Thursday, January 28, 2016

Please comment on Hamlet's soliloquies.

This is a rather broad question! A soliloquy is a speech
or monologue that a character gives when no one is listening but the audience. In the
case of Hamlet, one soliloquy is given when he thinks no one is
listening. This occurs during the famous "To be or not to be" soliloquy at the beginning
of Act III. He doesn't realize that he is being spied upon by Polonius and Claudius.
Still, the results are the same. In all four of Hamlet's soliloquies, the audience
receives an inside look into Hamlet's suffering
head.


Hamlet's thoughts during his soliloquies cover many
different aspects of his life and the events that have taken place. In the first, Hamlet
laments over the fact that his mother has married his uncle, crying "Frailty, thy name
is woman!" He also discusses suicide in this first one, but not quite on a personal
level.

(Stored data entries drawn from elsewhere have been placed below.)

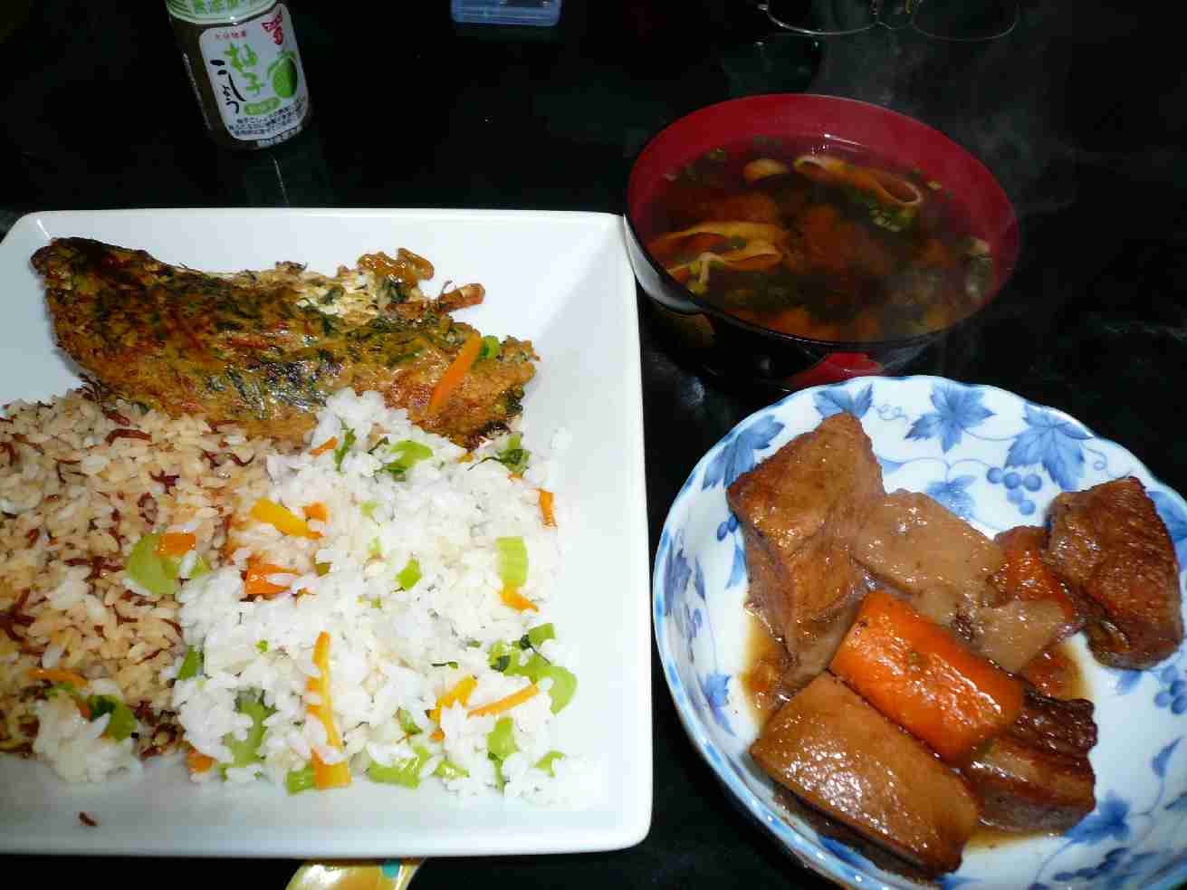 今日は家から5分で行ける「三次きん菜館」で野菜を買う。 農家が出し合ってる市場で野菜で旨いし、安い。 写真の聖護院大根と人参がこれだけで180円。 掘りたてでこの値段だとスーパーに行ってられない。 そこで何を作ろうかと考えてると豚バラが100g82円で売っているではないか!? これは安い! だから600g買う。 そこで『ネコ吉』さんが作ってた豚バラのコーラ煮を自分なりにアレンジして作ってみる。 ①豚バラをブロックのまま焦げ目がつくまで焼く(油はひかない) ②豚バラを塩で軽く茹でる(脂抜き) ③コーラ500gに塩を一つまみ、ニュクマムを40g加えて 火をかけ大きめに切った豚を投入。 ④そこにニンニク・生姜を加える ⑤豚を1時間くらい煮込んだら、大根と人参を加えてさらに 1時間煮込む。 ⑥甘味が苦手だから柚子胡椒を最後に加える。 出来上がり。 しかし、大根と人参が余る・・・。 そこで野菜ご飯を炊く ①大根・人参を酢水につけておく。 ②大根葉を塩茹でして水で締めて水切りをする。 ③ご飯に出汁、人参、大根を入れて炊く。 ④炊き上がったら大根葉を加える。 出来上がり♪ しかししかし、大根の皮と人参の皮と大根葉が余る。 もったいないお化けが隣から出てきてそうだからこれも食べる。 ①人参葉を塩茹でして水で冷やしてザグ切り。 ②ごま油で人参葉、大根の皮、人参の皮を炒める。 ③味醂と醤油で味付けする。 これでご飯がガツガツ食えるが今回はオムレツの具にする。 できあがり! 肉がほんとにトロトロになって甘味も意外と強くなく(ダイエットペプシだからかな?)旨いなぁ♪ しかもこれで1,000円かからない。 3日分くらいだから一日300円くらいかな? ってより自炊自身が楽しい気持ちになれますなぁ♪ それに食材って捨てるものは無いものですなぁ。 自然に優しくなれました。 ご馳走様でした!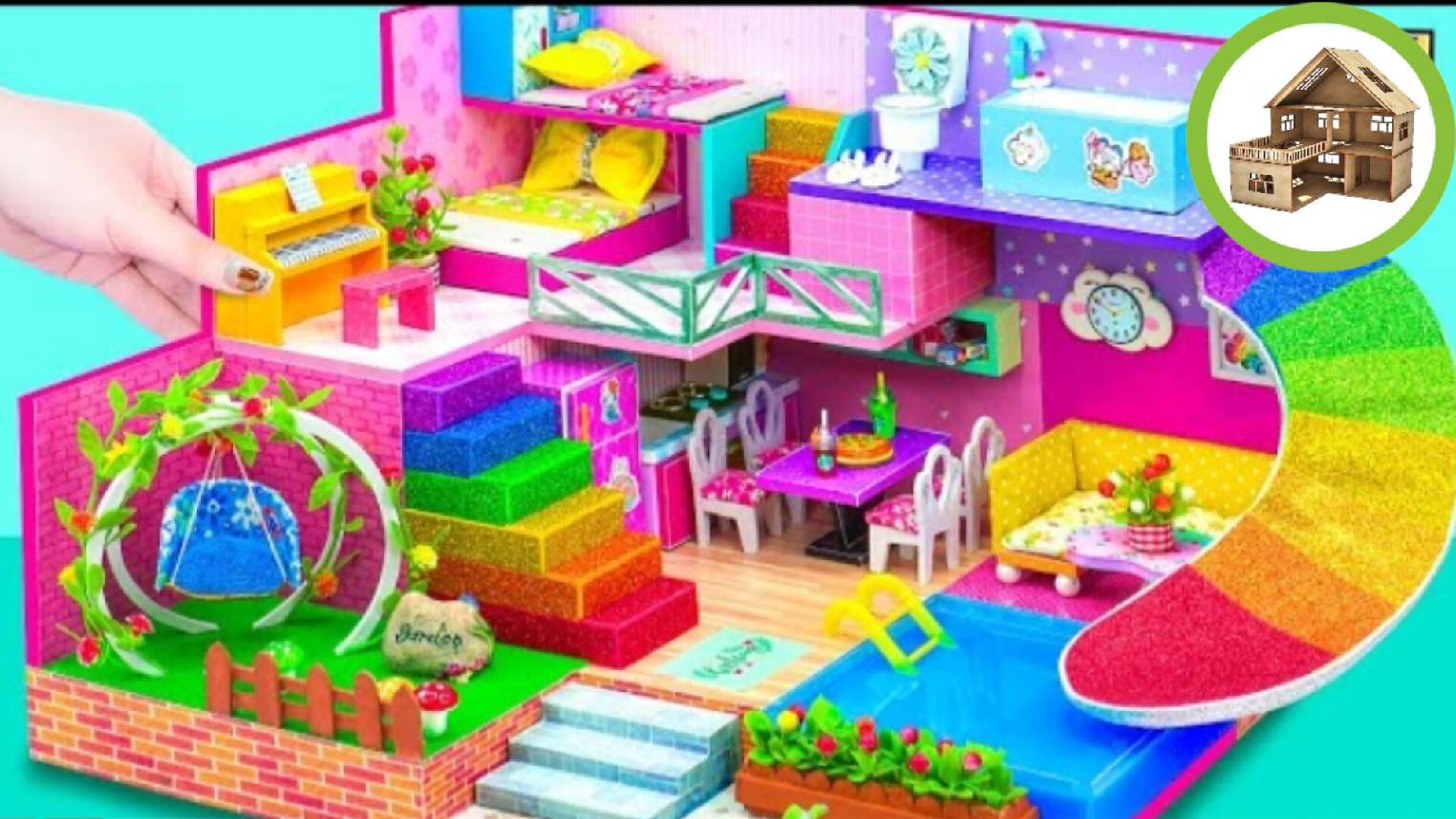 Миниатюрный домик с двумя спальнями на чердаке и воднуая горка с крыши к бассейну из картона /286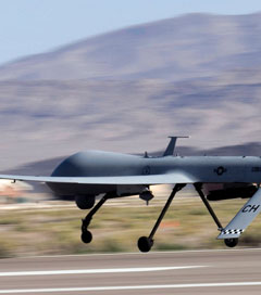What is a drone? The picture at right is that of a MQ-1B Predator unmanned aircraft system, called “a drone” for short. The MQ-18 is shown taking off for a training mission at Creech Air Force Base, Nevada.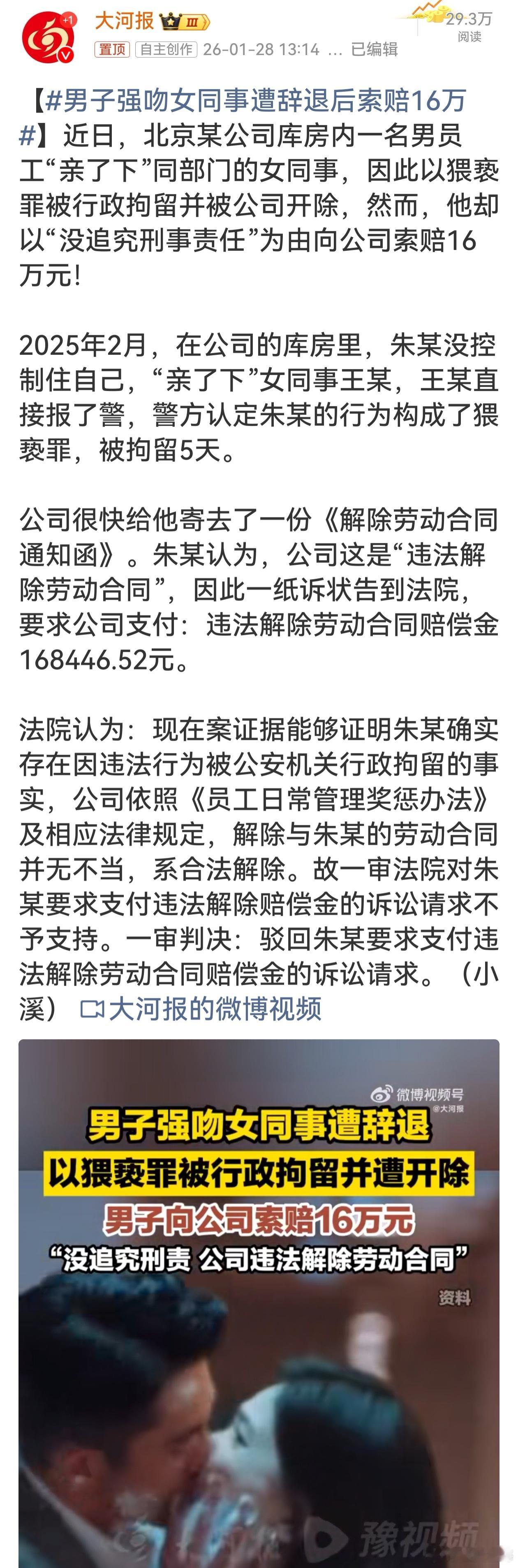 男子强吻女同事遭辞退后索赔16万男子强吻女同事,触碰道德与法律红线,被公司开除合理合法。其以未追究刑责索赔 16 万,是妄图无理取闹。法院公正判决驳回诉求,彰显了对违法失德行为的零容忍,警示职场人要恪守行为准则,尊重他人权益。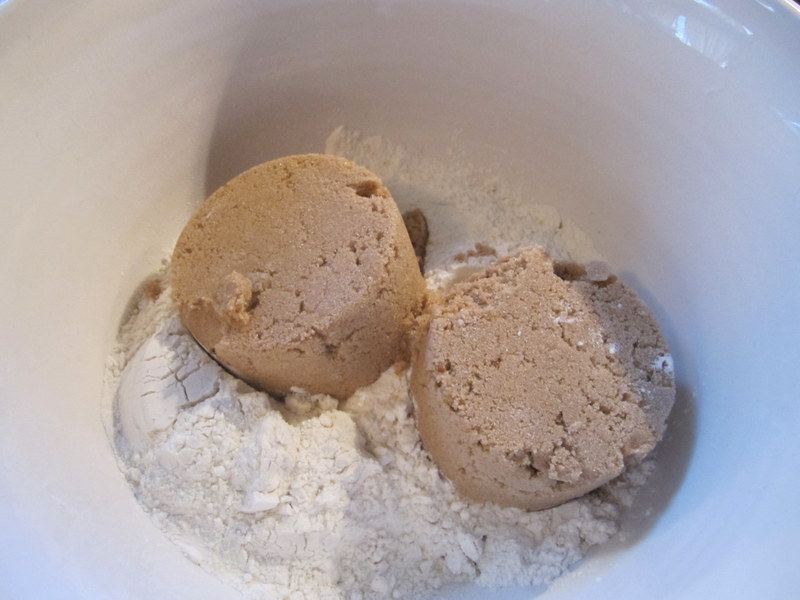 The recipe called for 1 cup of nut flour; which you make by finely chopping 1 cup of any nut you have on hand (pecans, walnuts or almonds) in a food processor. I used the pecans I had on hand, of course.

At the end of this speech he says "break my heart, for I must hold my tongue." He
is upset because he suspects all of these horrible things regarding his father's death,
but he can't say anything or do anything about them. In the second soliloquy, Hamlet
discusses revenge and his cowardice at not doing anything about what he now knows was
the murder of his father. The "To be or not to be" soliloquy finds him discussing
suicide primarily. And finally, in the fourth soliloquy, he berates himself for his
inaction and vows that "from this time forth, my thoughts be bloody, or be nothing
worth."


In all, the soliloquies offer much needed
perspective into Hamlet's thoughts for the audience.